O valor pago, em 2007, corresponde ao valor de cerca de 20% do valor aberto no mesmo ano. Do que era urgente, imprescindível, inadiável, apenas 20% foi pago, 80% não foi. Isso é uma fraude, que passa por todos nós todos os dias e contra a qual nós não nos indignamos.

Por exemplo, não está presente, aqui, o Senador Aloizio Mercadante, infelizmente, que conversa sempre comigo sobre essas coisas. Por exemplo, Mercadante é uma pessoa que tem conhecimento da questão, do que estou tratando. Como é que ele poderia explicar uma posição dessas? Ou outros Senadores que têm maior foco nesse assunto, como qualquer Senador que tem preocupação com a democracia.

Não dá! Não dá para fazer isso e continuar desse jeito! Não estou sendo radical. Não estou sendo nada disso. Estou sendo a favor do Congresso, a favor do papel que nós cumprimos aqui, do voto que nós recebemos, dos partidos que nós somos, que têm programas, que deviam honrar a democracia.

O uso de medidas provisórias serve, na maior partes da vezes, como atalho à negociação política. Você usa a medida provisória quando você recebe uma pressão. E, em vez de - porque sempre tem origem numa pressão política - resolvê-la de forma normal, pela via orçamentária, com previsão, projeto e aprovação no Congresso, você usa medida provisória. Essa é a regra.

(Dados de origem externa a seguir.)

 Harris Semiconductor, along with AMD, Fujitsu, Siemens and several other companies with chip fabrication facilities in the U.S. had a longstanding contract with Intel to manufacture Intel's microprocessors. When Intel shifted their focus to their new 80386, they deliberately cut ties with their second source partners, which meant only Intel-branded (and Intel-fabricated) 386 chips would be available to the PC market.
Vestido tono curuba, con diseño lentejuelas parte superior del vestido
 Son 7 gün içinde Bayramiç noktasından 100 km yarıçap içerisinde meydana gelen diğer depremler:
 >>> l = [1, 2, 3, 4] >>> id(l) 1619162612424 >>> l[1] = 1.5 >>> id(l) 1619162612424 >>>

Mais ainda: os créditos extraordinários são financiados basicamente por duas fontes: superávit financeiro da União, R$24,3 bilhões - números de 2007 - e anulação de outras dotações, R$19,4 bilhões.

Sabe o que é isso? Quem pagou esses créditos extraordinários, na verdade, foi o Orçamento que nós aprovamos e que não valeu. Ele não valeu em R$40 bilhões. Vinte e quatro com dezenove... Quarenta e quatro bilhões de reais. Foi brincadeira! O Governo desconstruiu o que foi feito aqui. Por isso é que não presta atenção ao Orçamento e que o transforma apenas em moeda de troca para manter maioria parlamentar. Esse é que é o fato concreto. Responsabilidade econômica? Nada disso. Só com o FMI quando o FMI fiscalizava, e, agora, com certos interesses que não são exatamente os do povo.

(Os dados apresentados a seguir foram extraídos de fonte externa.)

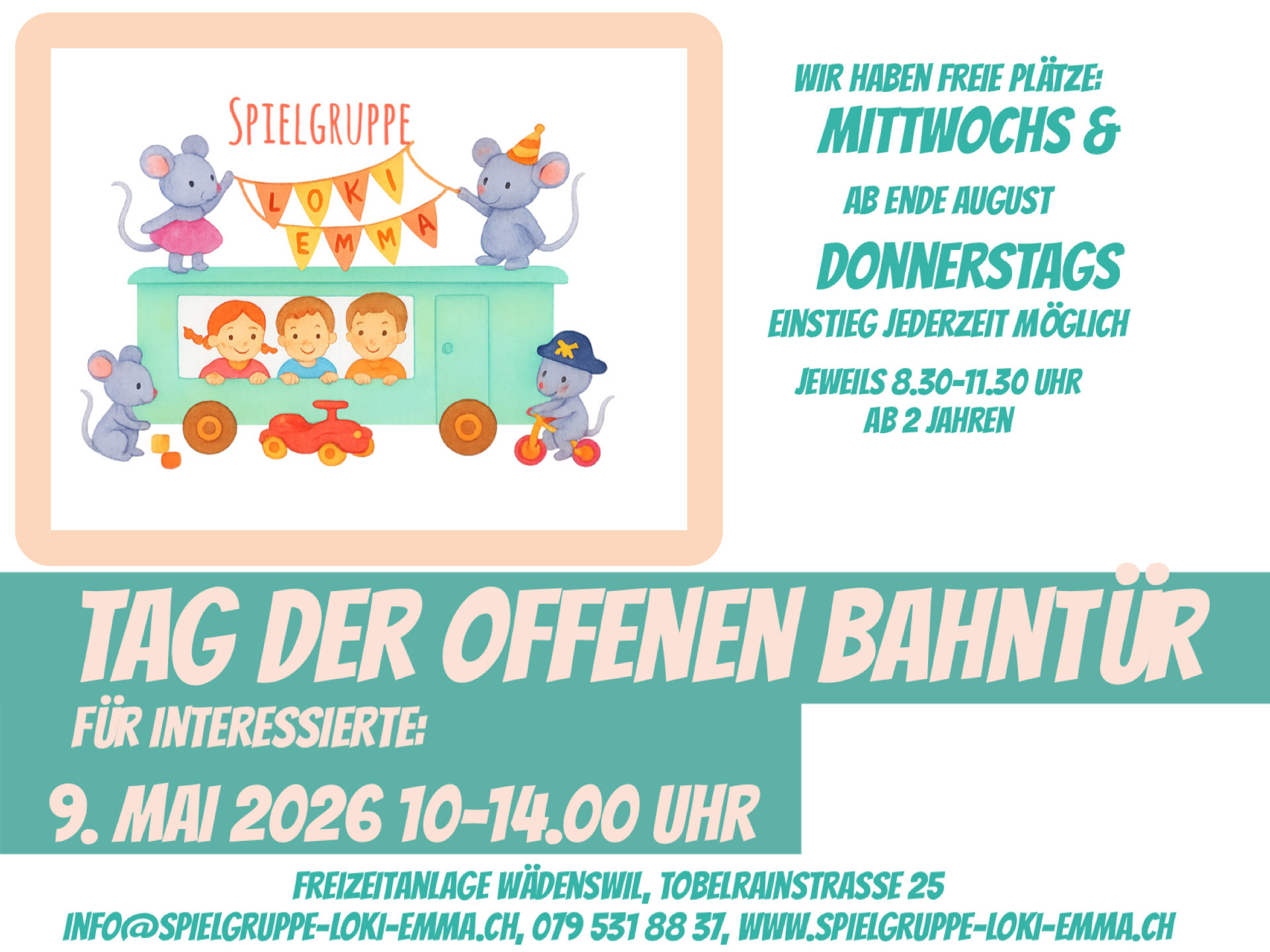 Kommt vorbei und lernt uns und die Loki Emma kennen. Gerne geben wir euch einen kleinen Einblick in unseren Spielgruppenalltag.

A primeira fonte é de natureza puramente financeira e contábil. Não corresponde à nova receita corrente - falo do superávit. O resultado prático do seu uso nos créditos extraordinários é o aumento da necessidade de contingenciamento das demais dotações regulares. Como há o crédito e não há o orçamento para o crédito, contingencia-se o orçamento feito. O que nós fazemos não vale nada. Fica contingenciado, submetido à decisão do gerente de plantão em qualquer Ministério.

A segunda fonte que financia os créditos extraordinários corresponde à anulação direta de dotações regularmente aprovadas durante a apreciação da peça orçamentária. É a simples anulação do que aprovamos, direta, objetiva, clara: “Corte-se isto aqui e ponha-se lá”, na forma de crédito extraordinário indevido. Ou seja, num e noutro caso, a abertura generalizada de créditos subverte as prioridades, neutraliza e distorce os mecanismos de discussão da lei orçamentária que, por sua natureza, já são incompletos e desequilibrados.

Ao reduzir a necessidade de manter as negociações políticas em torno do orçamento, se tudo pode ser feito em medida provisória, o Governo passa a concentrar poder, o que é ruim para a democracia e a sociedade. Não existe democracia nesse assunto, nenhuma democracia, nem respeito às leis, e muito menos consideração com o Congresso.

Na minha cabeça - e creio que na de qualquer pessoa de bom senso -, propomos que as situações de abertura de créditos extraordinários sejam taxativas: guerra, comoções internas, calamidade pública e não meramente exemplificativas, como são essas que chegam aqui. Se não mudarmos isso, não estaremos mudando de fato o conteúdo dessas medidas provisórias.

As medidas provisórias de caráter político e social chamam a atenção da maioria da sociedade. Essas medidas provisórias que tratam de recursos desse tipo não chamam a atenção da sociedade, são herméticas do ponto de vista da compreensão pública. Então, elas passam, e vão passando, com a brutal e total falta de desempenho democrático. Eu concordo em dizer que, se eu fosse do PT e sendo democrata, eu faria este discurso que fiz aqui; se estivesse no Governo, eu faria também, porque não se trata de um discurso de oposição, mas de um discurso da democracia, que precisa ser restaurada enquanto é tempo, porque fora dela e fora das regras o que sobram é a radicalização e o populismo, que engordam de votos alguns e enfraquecem de fato a sociedade, a democracia e o futuro do País.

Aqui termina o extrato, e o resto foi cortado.